RECORDED DATA ▸
────────────────
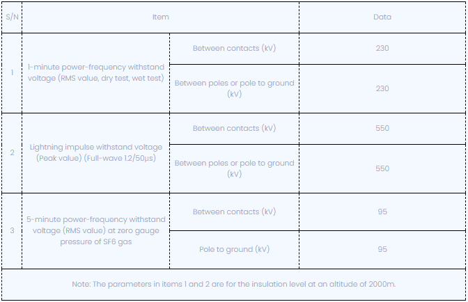با توجه به استحکام ذاتی عایق ذاتی گاز هگزا فلوئورید گوگرد و حرکت بهینه تماس قطع کننده مدار ، قطع کننده مدار جریان خازنی را بدون سلطنت می شکند. سطح عایق خارجی زیاد است ، عایق خارجی با فاصله خزنده بزرگی طراحی شده است ، فاصله نسبت خزنده 31 میلی متر/کیلو ولت است و عملکرد مقاومت در برابر خاک بسیار عالی است. همچنین می تواند با خیال راحت در محیط های سخت کار کند.
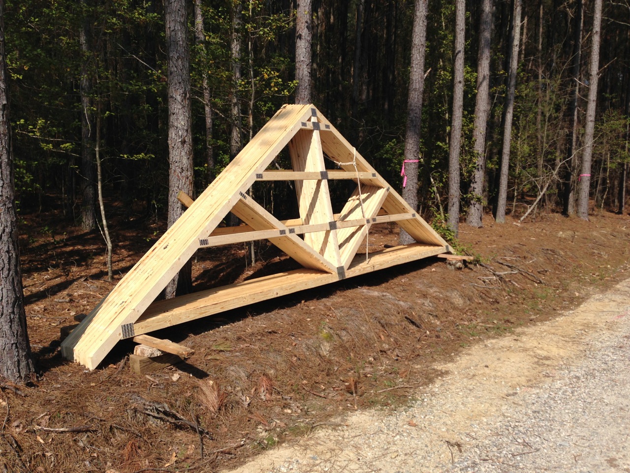 The driver dropped the bundle near our driveway entrance since I didn't have the heart to make him back 500 feet down a curvy driveway. I then carried them into the site with my tractor, 3-4 at a time, and stacked them across our driveway from the barn site. In retrospect, I probably could have forked the entire bundle in one shot, but was not able to judge the bundle weight properly and didn't want to lift a 22 foot wide load to find out if it was doable. Especially since I had to lift them 5' off the ground to clear my entrance gate posts! The trusses seem to weigh 100-120# each, since I could lift and move them individually, but again the 22 foot length makes it hard to judge.
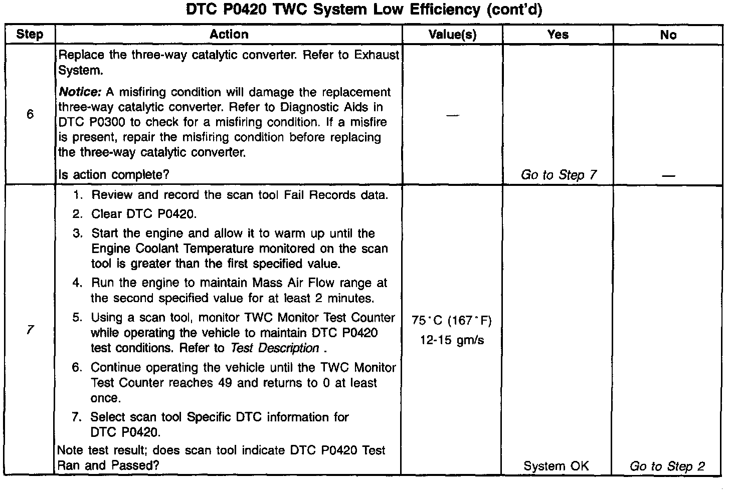 ^ The TWC Monitor Test Counter display on the scan tool may be used to monitor the progress of the TWC diagnostic. To complete the TWC diagnostic, the counter must be allowed to increment to 49 and roll over to 0 at least once. With a failed TWC, the counter may have to increment to 49 and roll over to 0 three times or more.
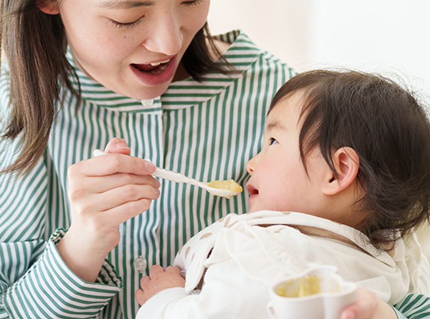 スプーンを嫌がったり、離乳食を口から出してしまうことがあるかもしれませんが、焦らず、その子のペースに合わせて、ゆっくり見守ってあげられるとよいでしょう。
────────────────
EXERCISE AIM ▸ Reproduce the final stretch of lines exactly: the line containing "The driver dropped" through the last line of the data, both included. Pictures do not belong in the copy.

SOLUTION TO THE EXERCISE ▸
 The driver dropped the bundle near our driveway entrance since I didn't have the heart to make him back 500 feet down a curvy driveway. I then carried them into the site with my tractor, 3-4 at a time, and stacked them across our driveway from the barn site. In retrospect, I probably could have forked the entire bundle in one shot, but was not able to judge the bundle weight properly and didn't want to lift a 22 foot wide load to find out if it was doable. Especially since I had to lift them 5' off the ground to clear my entrance gate posts! The trusses seem to weigh 100-120# each, since I could lift and move them individually, but again the 22 foot length makes it hard to judge.
 ^ The TWC Monitor Test Counter display on the scan tool may be used to monitor the progress of the TWC diagnostic. To complete the TWC diagnostic, the counter must be allowed to increment to 49 and roll over to 0 at least once. With a failed TWC, the counter may have to increment to 49 and roll over to 0 three times or more.
 スプーンを嫌がったり、離乳食を口から出してしまうことがあるかもしれませんが、焦らず、その子のペースに合わせて、ゆっくり見守ってあげられるとよいでしょう。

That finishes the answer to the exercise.